Continue to increase DCR’s operations budget by at least $10 million annually for at least another decade. With a $10 million increase in its operating budget for FY23, the agency has converted some seasonal positions to full time equivalents and pledged to begin backfilling at least 50 of the 300 positions lost to a decade of cuts. But DCR staffing remains inadequate to protect and steward natural and cultural assets, advance park planning, and provide project management and engineering support for restoring and improving park infrastructure.

Eliminate the $1 billion deferred maintenance backlog plaguing our parks and forests using federal American Recovery Plan Act (ARPA), state budget surplus, state capital budget, and develop new, creative, dedicated park funding. At a minimum, this will take $250 million in capital spending each year for a decade. Adequate, consistent funding will help restore DCR facilities and provide for a robust ongoing capital program as we focus on equity, climate change impacts, sustainability, and other park needs.
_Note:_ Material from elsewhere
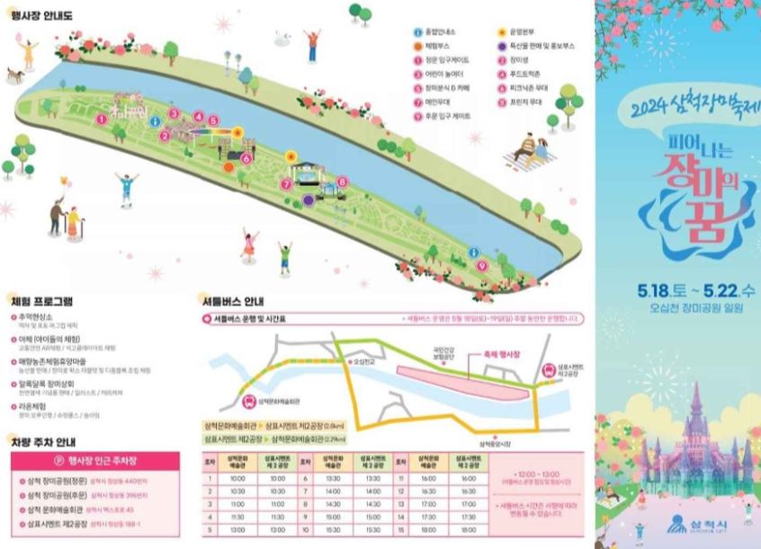 - 장미의 환상적인 세계로 여러분을 초대합니다! 2024년 5월 18일부터 22일까지 강원도 삼척시 삼척장미공원에서 열리는 '삼척 장미축제'가 여러분을 기다리고 있습니다. 이번 축제는 약 8만 6천m²의 규모에 총 222종 16만 주 1천만 송이의 장미가 피어나는 삼척장미공원에서 펼쳐집니다. 이곳은 단일 규모로는 세계 최대 수량의 장미가 자라는 곳으로 손꼽히고 있습니다.

In the spring of 2020, as businesses, institutions, and other places of social interaction shut down because of the pandemic, the Commonwealth of Massachusetts made the correct decision to allow DCR forests, parks, and beaches to remain open and free to visit, knowing people would need outdoor places where they could safely escape COVID restrictions. The tremendous increase in park visits did not wane when pandemic conditions eased. People realized, many for the first time, that they had these publicly funded, historic gems in their midst and continue to flock to them in droves.

Concurrently, the Legislative Special Commission’s detailed report on DCR’s long standing fiscal dilemma and stepped-up park advocacy coincided perfectly with the FY2023 budget cycle, and lawmakers listened. Specifically, the Commonwealth funded a $10 million parks and recreation operations budget increase and eliminated retained fee and lease revenue as a day-to-day source of operating funds, replacing anticipated but by no means guaranteed funding with general revenue tax dollars. So, for the first time in more than a decade, DCR planners did not have to guess the amount of operating funds they had available to them for the fiscal year.
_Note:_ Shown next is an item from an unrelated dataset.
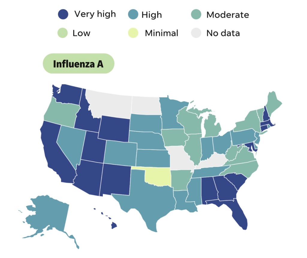 The situation two weeks with influenza when the west and southeast were getting hit hardest.

These funding and policy changes, though meaningful, are not enough to dig the agency out of its 2008 recession-induced operational and capital hole. It will take at least a decade of adequate, sustained funding, and competent, committed, stable, visionary leadership from elected and appointed state officials to get our state parks to where they should be – a well-funded, reliable partner in support of park users and our state’s $16 billion annual outdoor economy.
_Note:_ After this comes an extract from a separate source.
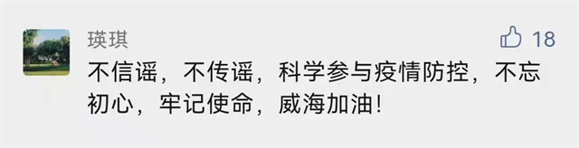 真的想给威海人点一个大大的赞,疫情面前没有恐慌和混乱,每一个人都表现得格外客观、理性和善良,乐观和豁达,就像网友说的那样:疫情面前,没有人是旁观者,每个人都是责任人。

Action on these four recommendations is critical to DCR’s ability to fulfill its mission. The 2003 merger of the Department of Environmental Management and the Metropolitan District Commission to create DCR, and the creation of the DCR Stewardship Council to guide the new agency, has yet to live up to the stated goal to strengthen our historic park system, the living legacy of Frederick Law Olmsted and Charles Eliot.

State government, park friends groups, and conservation advocates across the state working in concert have laid the foundation for success via the FY2023 budget and the economic development bill. DCR parks, beaches, forests, and other facilities benefit our physical and mental health, outdoor economy, habitat protection efforts, climate change resiliency, accessibility, resource stewardship, and environmental justice goals. Moving forward, our parks need champions in the Legislature and the Healey-Driscoll administration who will commit to building on our progress over the long haul.

Now is the time to create a 21st century park and open space system. We welcome the opportunity to meet with you to discuss this further before and after the new legislative session and the new gubernatorial administration begins. We respectfully ask you to publicly commit to advancing these four recommendations. Our park ecosystem and the people who rely on it deserve nothing less.

Doug Pizzi is the executive director of the Massachusetts Conservation Voters and Chris Redfern is the executive director of the Friends of the Middlesex Fells. They wrote this open letter and more than 50 organizations signed on in support.